Abstract Serous tubal intraepithelial carcinomas (lesions) in the human fallopian tube epithelium (hFTE) are theorized to give rise to high-grade serous ovarian cancers. Small extracellular vesicles (sEV) are known to mediate key signaling in both normal and cancerous tissues, but few ex vivo systems exist for studying the impact of sEV on hFTE tissue. In this study, we present a microfluidic tissue culture platform with combined spatial transcriptomic and proteomic readouts that allows us to profile dual responses in tissue exposed to sEV “messages”—capturing both short-term transcriptomic shifts in the tissue and long-term changes in protein cargo of secreted EVs (the “reply”). Using spatial transcriptomics, we show that the short-term 1-day exposure to ovarian cancer–derived sEVs alters expression of 68 transcripts in secretory cells, the progenitor of high-grade serous ovarian cancer, notably upregulating immune-related mRNA, including CXCL family chemokines, VCAM1, and pro-inflammatory mediators (NFKB1, IL1B, and IFNA7/17).

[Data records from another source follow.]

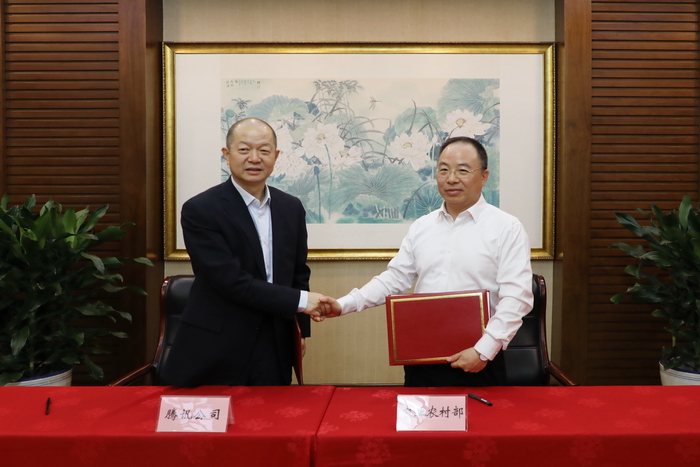 5月24日,农业农村部与腾讯公司在北京签署“耕耘者”振兴计划战略合作协议,双方将面向乡村治理骨干和新型农业经营主体带头人开展培训,共同推进乡村人才振兴。农业农村部党组成员兼中央农办秘书局局长吴宏耀,腾讯公司党委书记、高级副总裁郭凯天分别代表双方签约。
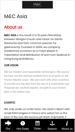 Founded in 2009, M&C ASIA has established itself as a major player in importation and distribution of premium Seafood from France, Atlantic and Pacific in Hong Kong and Macau.
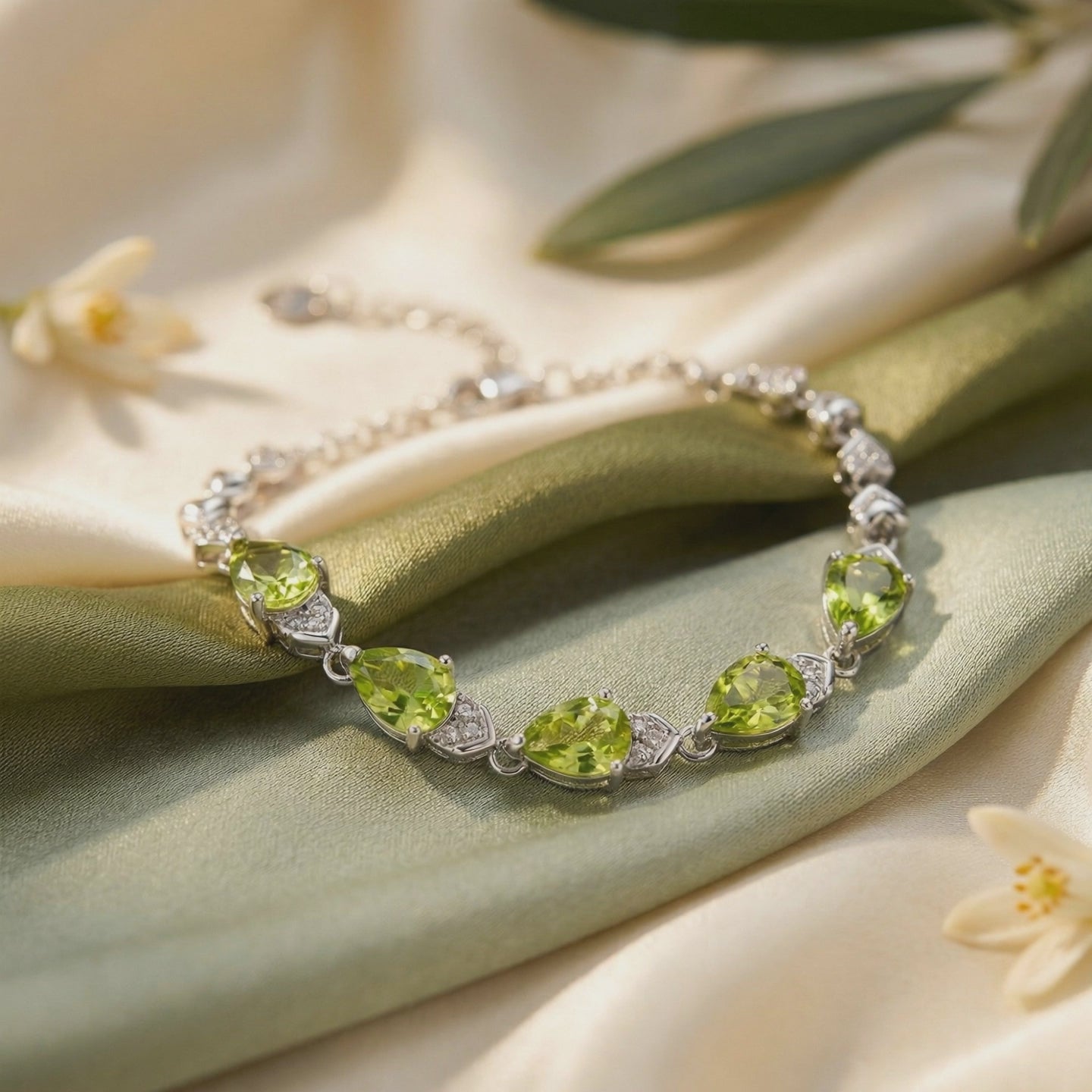 Five vibrant, pear-cut Natural Peridot gemstones dance along a delicate chain, creating a rhythm of light and vitality. Known as the "Evening Emerald," these certified natural stones capture the fresh energy of spring, offering a luminous glow that refuses to fade even when the sun goes down.
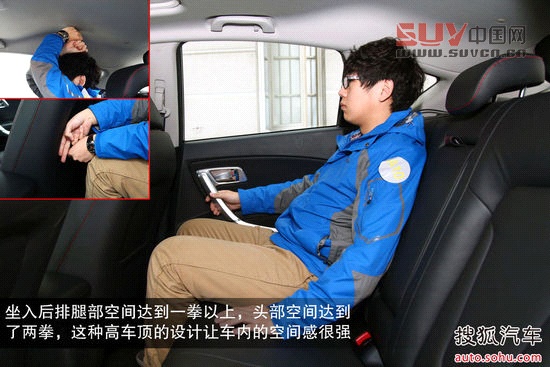 空間方面,得益于2675mm的軸距,其后排空間表現很不錯,并且與前排座椅相比,后排真皮座椅的填充物質地較軟,乘坐起來很舒適。坐入后排腿部空間達到一拳以上,頭部空間達到了兩拳,這種高車頂的設計讓車內的空間感很強。
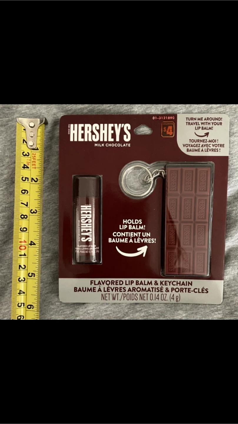 This Hershey's Milk Chocolate flavoured lip balm and keychain set is perfect for chocolate lovers or anyone who loves a sweet treat. The lip balm comes in a handy twist-up tube and the keychain is designed to look like a miniature chocolate bar. Keep your lips moisturized and your keys handy with this fun accessory!
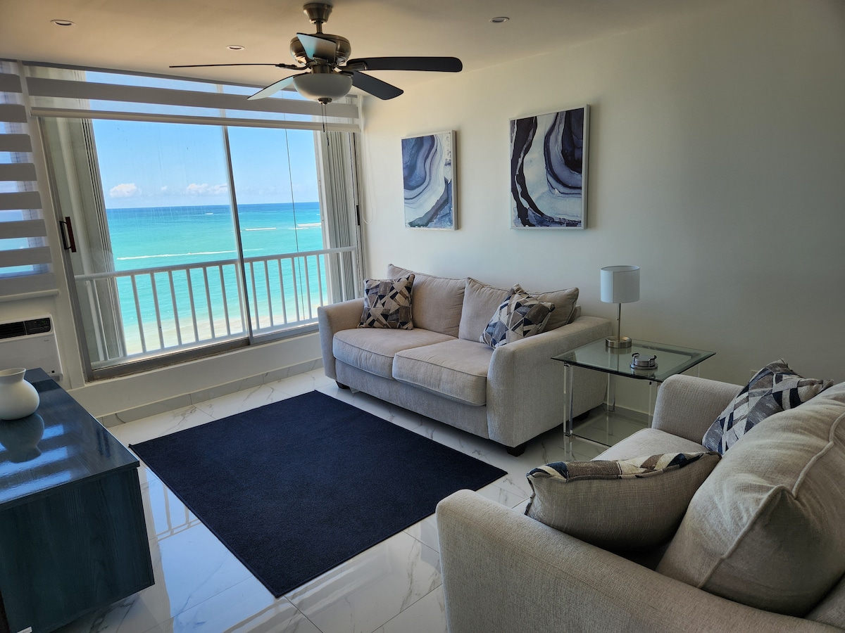 Hi. Looking for a beachfront apartment? Look no further! This is a beachfront 1 bedroom apartment that sleeps 2 in the best beach in San Juan! 15min from Old San Juan, 7min from the Airport, near shops, restaurants, hotels, casinos, nightlife, and a vibrant walking district. Hear the ocean waves, feel the breeze, enjoy the sun! The building has a private beach entrance, basketball court, tennis court (currently closed), pool, gazebos, bbq area, and more! Welcome to the Island Living experience!
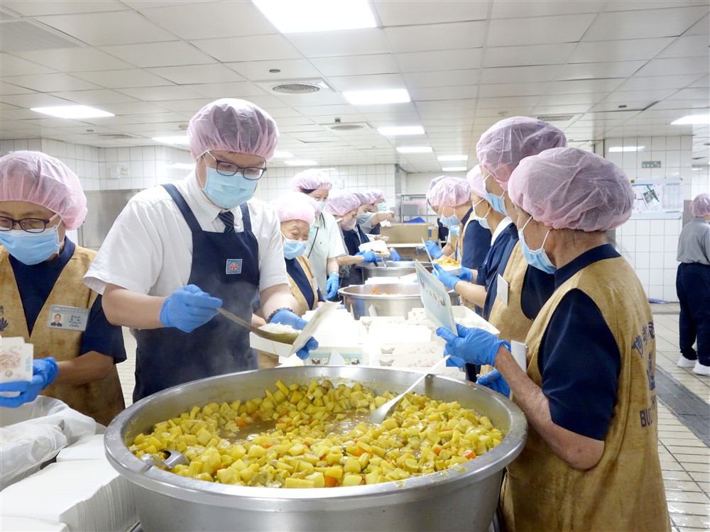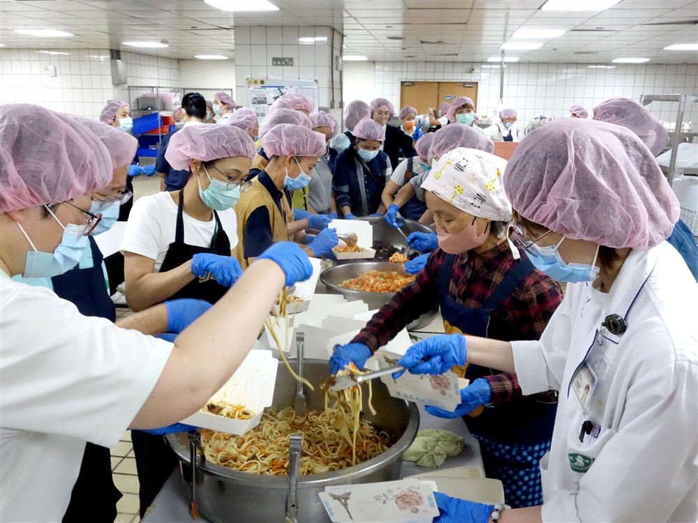 大林慈濟醫院醫院同仁與社區志工得知需支援災區便當製作後,紛紛撥空趕到營養科協助。
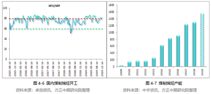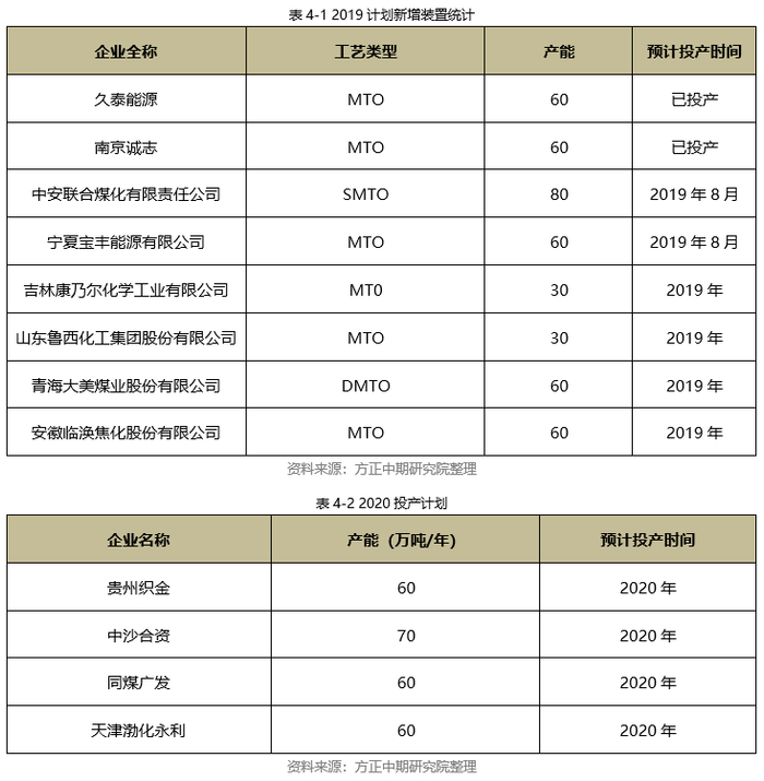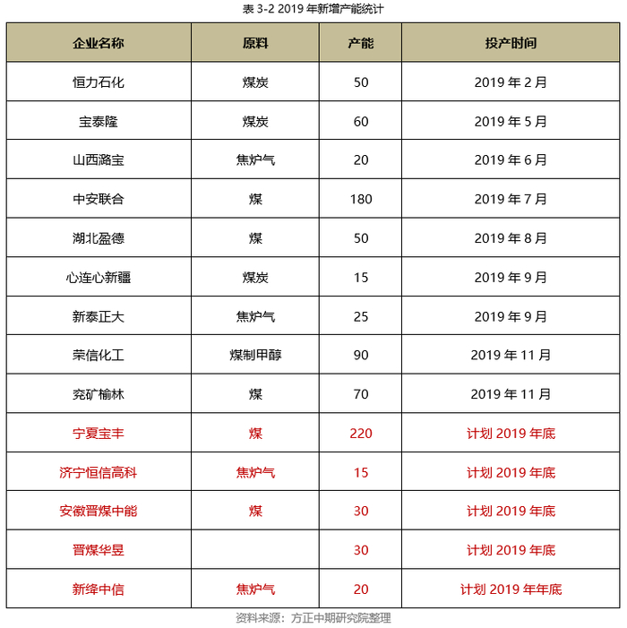 2019年烯烃产能重新步入快速扩张期,意向新增产能众多,计划新增产能达440万吨,内蒙古久泰、南京诚志二期、宁夏宝丰、鲁西化工等装置均有投产预期。其中,内蒙古久泰60万吨、南京诚志二期诚志60万吨产能已经在上半年顺利投产,宁夏宝丰60万吨及中安联合70万吨装置也在三季度投产,新增产能合计为260万吨,截至11月份,煤制烯烃产能达到1562万吨。仍有180万吨产能在计划投产中,如能按期投产,到2019年年底,国内煤制烯烃产能有望超过1700万吨。煤(甲醇)制烯烃行业仍是甲醇需求增长的主要驱动力,但2020年甲醇下游新投产速度将有所放缓。

Additionally, we observed that the long-term 14-day exposure to sEVs alters the expression of seven transcripts and 25 EV cargo proteins of fallopian tube–derived EVs (“secondary release EVs”) following stimulus from cancer EVs. Together, tissue transcriptomics and tissue-derived EV proteomics indicate that ovarian cancer–derived sEVs rewire target cell signaling to modify the tubal immune landscape. This study provides insights into the early molecular changes associated with the pathogenesis of ovarian cancer in its tissue of origin, providing a platform to study EV–tissue interactions and identify how sEVs drive cell signaling reprogramming in hFTE. Significance: We model the fallopian tube preneoplastic landscape using a microfluidic platform to study EV-induced stress and show that cancer EVs promote immune signaling changes representing the earliest stages of ovarian cancer pathogenesis.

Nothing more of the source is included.